As for who is “left wing” or “right wing”. These terms derive from where people sat in the States General in 1789 at the start of the French Revolution. Back then the market economy vs state intervention issue wasn’t yet the divider between left and right. The French Revolutionary left were fiercely anti-clerical, rationalist, and suspicious of anything which took its justification from tradition – rather like this blog! But they did also unleash the terror.
Even then, left-right divisions were complicated. We think of Tom Paine as a left wing poster child. But he didn’t get on very well with the French radicals. My guess is that Anglophone thinkers all remembered the example of Cromwell and saw the danger. Edmund Burke (right wing?) correctly predicted the Revolution would lead to Bonaparte and military dictatorship.
Was Fascism left-wing or right-wing? In Spain and Portugal it was definitely right wing: pro-Catholic, pro-Colonial, socially conservative. The German version is more complicated. Hitler was discontented with pretty much everything, and wanted to create a totally new society, a “new order”. You could argue that he was, therefore, “left wing”. But he also hated the left.
Georges,
“He is a British national treasure.”
I find Tatchell a very hard character to like, even when he’s on the right side of an argument. It’s a sort of anti-charisma.
“Even then, left-right divisions were complicated.”
As has been suggested, the familiar categories aren’t entirely helpful, at least in this regard, and they’ve always been fluid. Though I would suggest that some Guardian regulars and groups like the SWP have an ideological erection for Islamist indecency precisely because it’s a proxy revolution for their own miserable pretensions. It’s a vicarious tease. Maybe it’s worth noting how closely the Islamist definition of peace – the submission of all to Islam – mirrors the definition offered by Karl Marx: “The meaning of peace is the absence of opposition to Socialism.”
If you want a binary shorthand other than left/right, how about authoritarian versus free, or anti-West versus pro-West, or intellectual suicide and cultural self-abasement versus not being quite so ready to throw oneself in the sea? (That last one’s a little clunky, I grant you, but there is something to it.)
Hmm. I think you’re right about Tatchell’s “anti-charisma”. I guess he seems priggish, sanctimonious, and he doesn’t have a sense of humour. Kind of like Churchill’s comment about Stafford Cripps. But it still took guts to try and citizen’s arrest Mugabe. Remember there are still many on the left who argue the legacy of Cecil Rhodes gives Mugabe a free pass to despoil the country and massacre the Ndebele. Tatchell is one of the few on the left who never accepts those kinds of dangerous arguments.

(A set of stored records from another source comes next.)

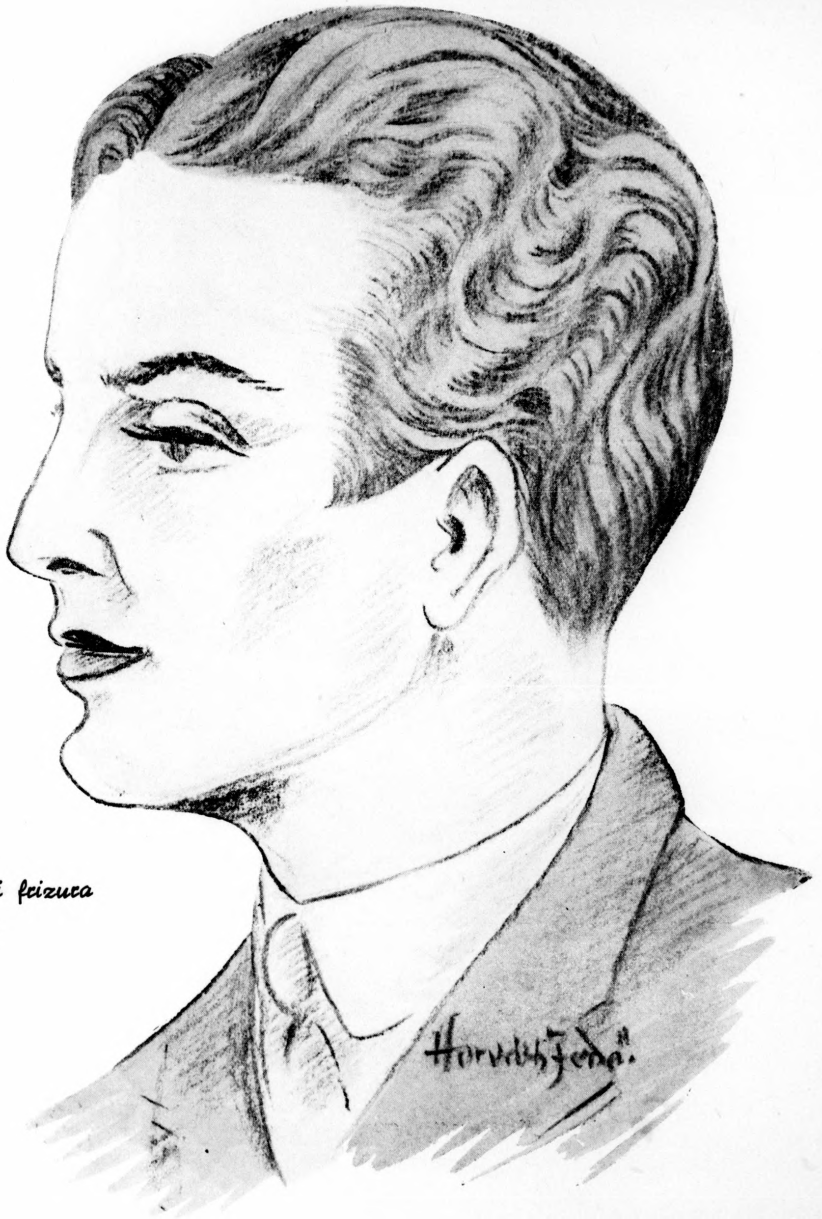
Modern férfi fizuca és hajvágás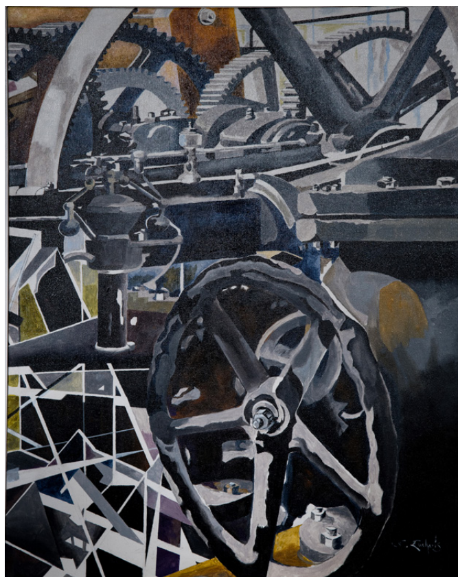
Fred Eucharis Le silence des sucreries (détail) , triptyque, 2020 Acrylique sur toile 92 x 222 cm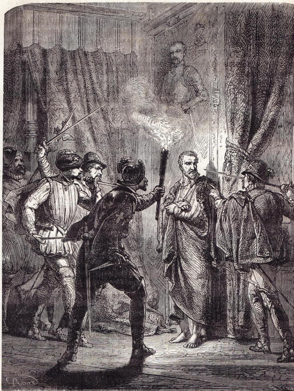
LA SAINT-BARTHÉLEMY. — Assassinat de l'amiral Coligny.

Charles IX qui la reçut fort mal et lui dit brutalement qu'il n'avait pas de plus grands ennemis qu'elle et son frère le duc d'Anjou. Le moment était venu d'agir et il était d'autant plus propice que le duc d'Anjou, son jeune

Life’s unfair when it comes to handing out the charm. The late Alan Clark held some barmy political opinions, was famously drunk at the dispatch box and a notorious philanderer to boot. But I’d much rather be sat next to him than Tatchell at the dinner table. When he died, many left-wing MPs admitted they liked him personally.
“Hmm. I think you’re right about Tatchell’s “anti-charisma”. I guess he seems priggish, sanctimonious, and he doesn’t have a sense of humour.”
Didn’t he also join the ‘Truther’ crowd in a CiF column about 9/11 a while ago?
Julia,
I vaguely remember it as being along similar lines to Robert “punch me, I deserve it” Fisk’s approach, i.e., “I’m not a conspiracy theorist, but…” Incidentally, I wonder if Mr Tatchell’s joyless, monotonous demeanour is related to his joyless, monotonous politics? If so, which came first?
Not Left, Thus Evil…
David Thompson has a worthy read on the tendency of lefties to denounce anything they don’t like as “rightwing,” in which he refers to Peter Tatchell’s detailing of Ken Livingstone’s (London’s leftist mayor) habitual smear tactics (Tatchell recalls the…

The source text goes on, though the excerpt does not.